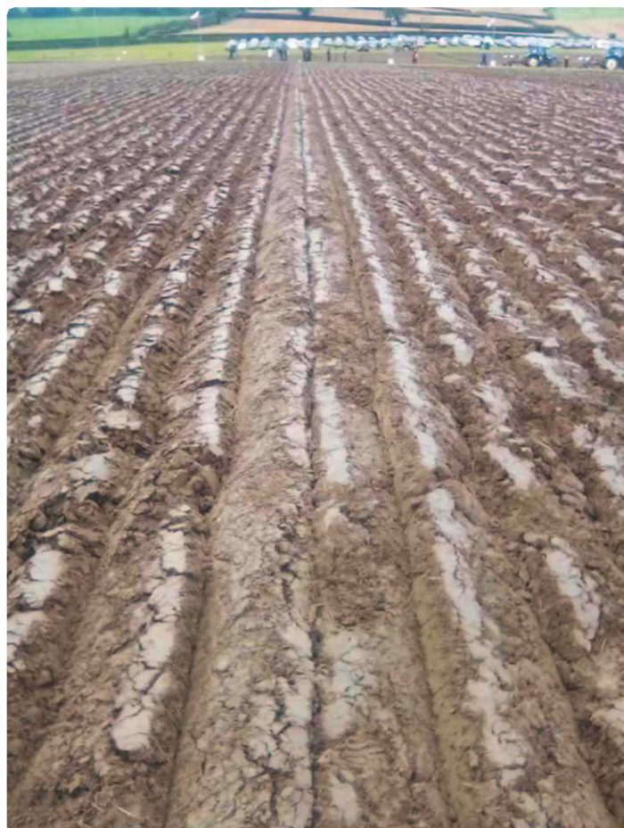
Evan's third place plot on Day 2 on grass
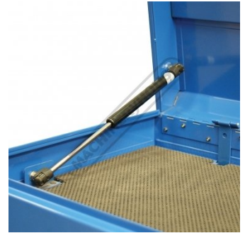
2 x Gas Struts On Lid
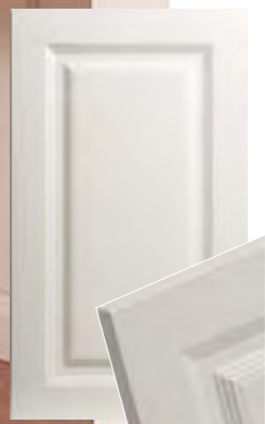
Design 418 - Edge 3
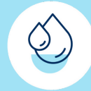
Water heating & purification

=====

Omit the pictures and write out the remaining data exactly.

**Exercise solution**
Evan's third place plot on Day 2 on grass
2 x Gas Struts On Lid
Design 418 - Edge 3
Water heating & purification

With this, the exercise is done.